> INPUT DATA:
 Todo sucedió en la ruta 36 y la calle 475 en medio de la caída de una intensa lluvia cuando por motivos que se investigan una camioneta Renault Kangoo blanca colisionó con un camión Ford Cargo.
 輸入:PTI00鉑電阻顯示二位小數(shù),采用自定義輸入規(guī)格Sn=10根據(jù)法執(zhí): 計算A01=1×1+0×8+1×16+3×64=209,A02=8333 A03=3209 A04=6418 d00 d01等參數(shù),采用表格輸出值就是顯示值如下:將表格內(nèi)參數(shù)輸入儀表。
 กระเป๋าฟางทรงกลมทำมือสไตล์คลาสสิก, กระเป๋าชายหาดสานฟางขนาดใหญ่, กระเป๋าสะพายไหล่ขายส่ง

==

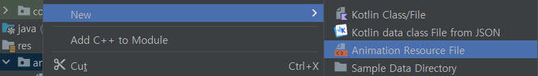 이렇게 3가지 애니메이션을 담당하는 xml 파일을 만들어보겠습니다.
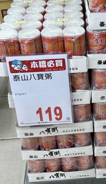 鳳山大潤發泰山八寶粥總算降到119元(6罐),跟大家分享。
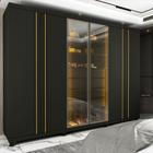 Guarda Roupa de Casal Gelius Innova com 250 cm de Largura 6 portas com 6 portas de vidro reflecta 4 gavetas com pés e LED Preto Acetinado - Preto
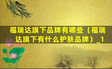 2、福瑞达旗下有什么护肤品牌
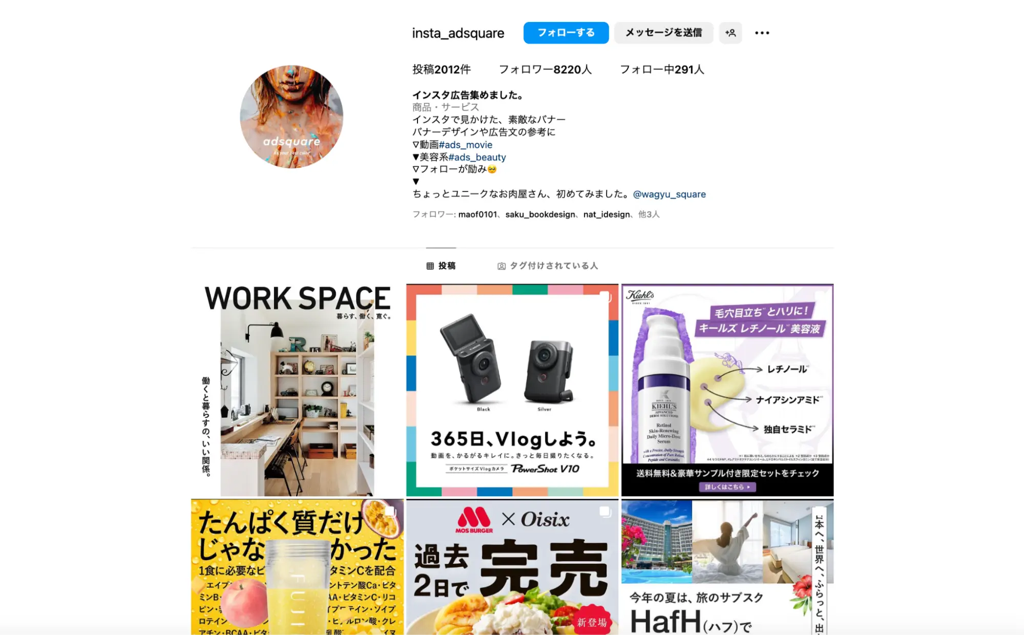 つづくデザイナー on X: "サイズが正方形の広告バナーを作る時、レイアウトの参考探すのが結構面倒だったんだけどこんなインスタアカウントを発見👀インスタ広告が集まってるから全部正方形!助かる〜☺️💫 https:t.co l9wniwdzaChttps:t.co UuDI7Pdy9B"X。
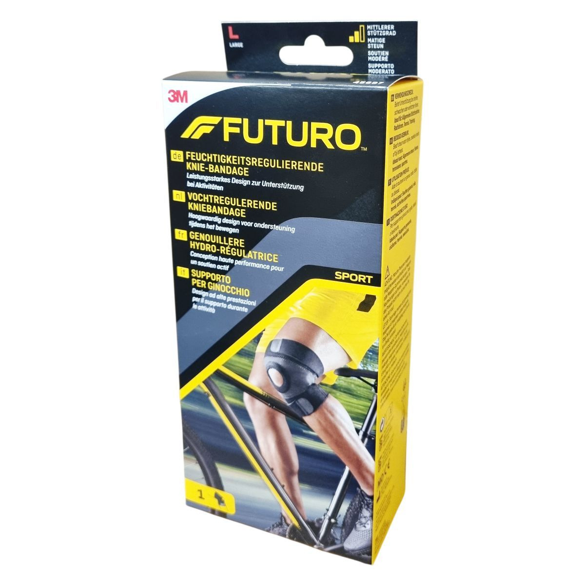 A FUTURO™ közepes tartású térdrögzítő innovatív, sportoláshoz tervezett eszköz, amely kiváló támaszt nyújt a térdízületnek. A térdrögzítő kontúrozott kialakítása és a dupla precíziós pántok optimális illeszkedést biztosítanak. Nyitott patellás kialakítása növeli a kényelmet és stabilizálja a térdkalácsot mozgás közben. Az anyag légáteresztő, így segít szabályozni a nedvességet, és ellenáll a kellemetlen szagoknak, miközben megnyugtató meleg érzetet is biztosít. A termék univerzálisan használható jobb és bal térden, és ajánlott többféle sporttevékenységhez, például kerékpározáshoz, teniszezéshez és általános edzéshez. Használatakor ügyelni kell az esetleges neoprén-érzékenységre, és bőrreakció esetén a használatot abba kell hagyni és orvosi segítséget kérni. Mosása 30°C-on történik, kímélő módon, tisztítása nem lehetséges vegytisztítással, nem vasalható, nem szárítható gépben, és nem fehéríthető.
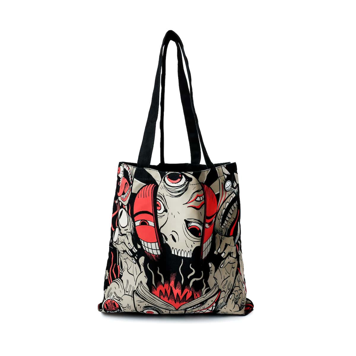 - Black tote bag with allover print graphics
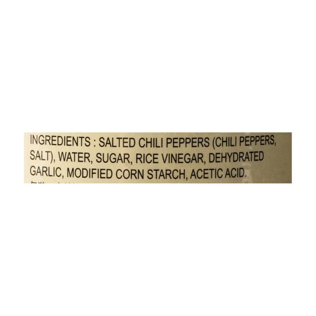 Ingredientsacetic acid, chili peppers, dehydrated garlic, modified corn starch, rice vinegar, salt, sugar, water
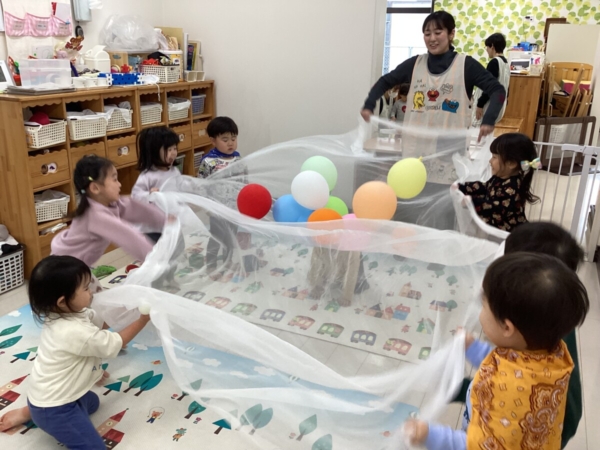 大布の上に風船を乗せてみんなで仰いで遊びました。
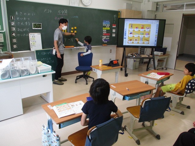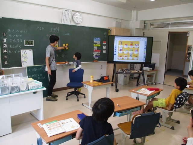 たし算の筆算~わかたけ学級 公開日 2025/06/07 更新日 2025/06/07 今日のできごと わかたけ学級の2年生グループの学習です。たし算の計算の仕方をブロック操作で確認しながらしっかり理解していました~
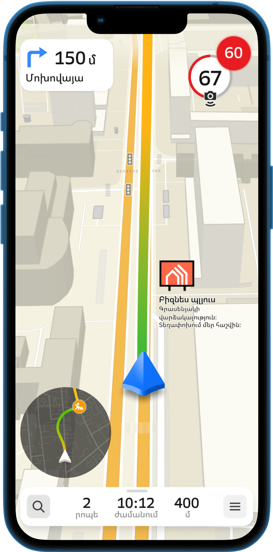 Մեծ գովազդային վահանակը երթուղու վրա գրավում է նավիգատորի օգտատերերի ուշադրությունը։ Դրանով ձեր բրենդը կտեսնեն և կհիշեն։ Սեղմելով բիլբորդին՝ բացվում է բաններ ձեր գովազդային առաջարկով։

==

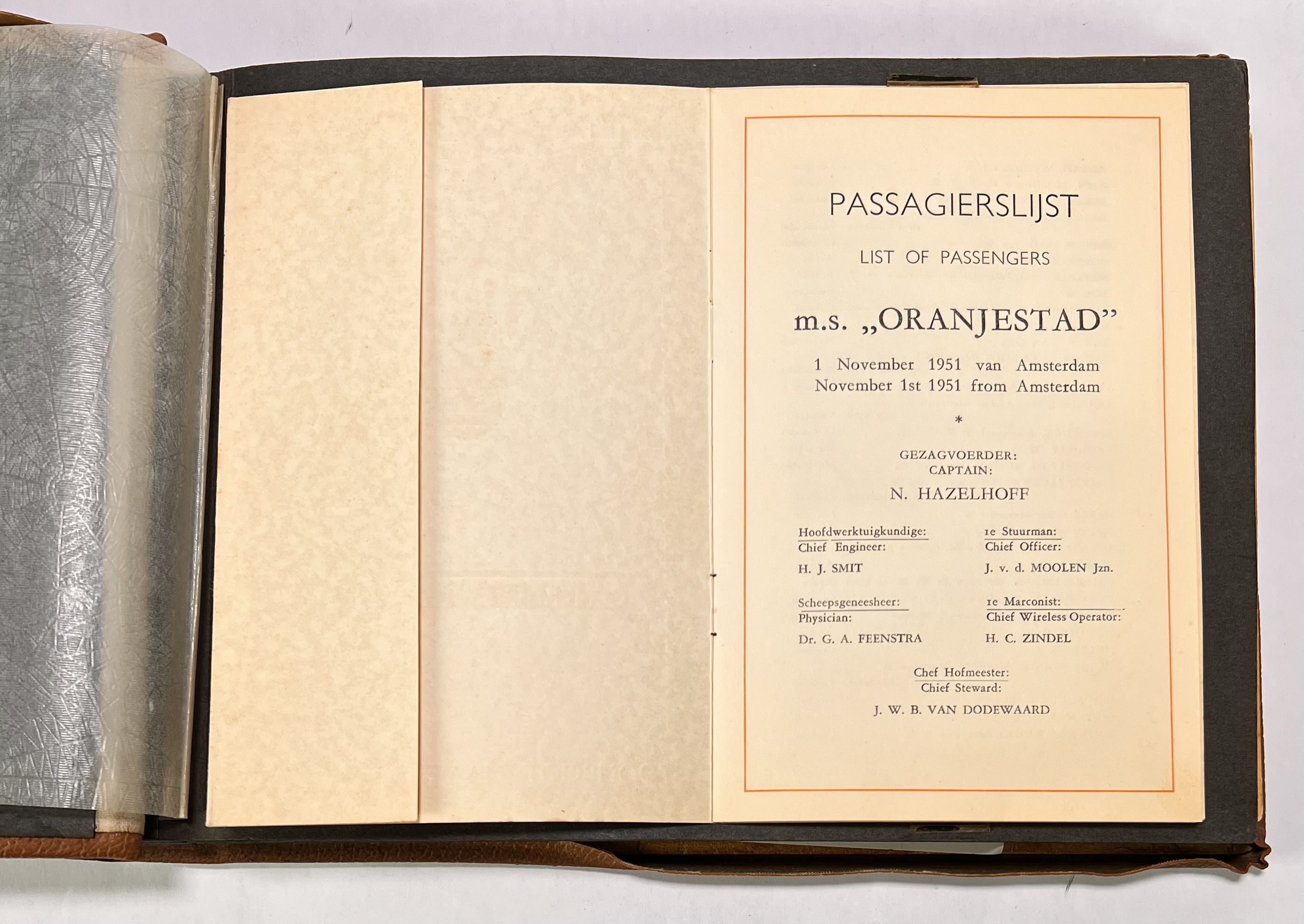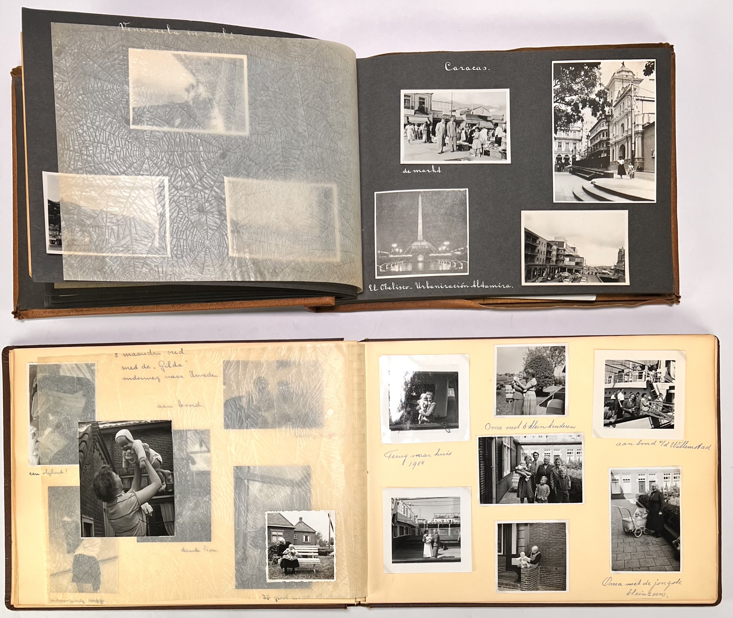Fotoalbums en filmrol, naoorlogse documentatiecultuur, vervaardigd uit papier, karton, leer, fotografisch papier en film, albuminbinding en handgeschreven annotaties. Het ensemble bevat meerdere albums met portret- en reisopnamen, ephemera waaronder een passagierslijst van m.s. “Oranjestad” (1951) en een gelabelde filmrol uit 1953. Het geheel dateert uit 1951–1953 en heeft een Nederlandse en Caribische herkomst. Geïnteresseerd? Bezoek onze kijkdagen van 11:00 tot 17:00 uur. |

> PROMPT: Within the listing above, copy exactly the lines that start at the one with "大布の上に風船を乗せてみんなで仰いで遊びました。" and continue through the one with "Մեծ գովազդային վահանակը". Omit pictures.

> RESPONSE AREA:
 大布の上に風船を乗せてみんなで仰いで遊びました。
 たし算の筆算~わかたけ学級 公開日 2025/06/07 更新日 2025/06/07 今日のできごと わかたけ学級の2年生グループの学習です。たし算の計算の仕方をブロック操作で確認しながらしっかり理解していました~
 Մեծ գովազդային վահանակը երթուղու վրա գրավում է նավիգատորի օգտատերերի ուշադրությունը։ Դրանով ձեր բրենդը կտեսնեն և կհիշեն։ Սեղմելով բիլբորդին՝ բացվում է բաններ ձեր գովազդային առաջարկով։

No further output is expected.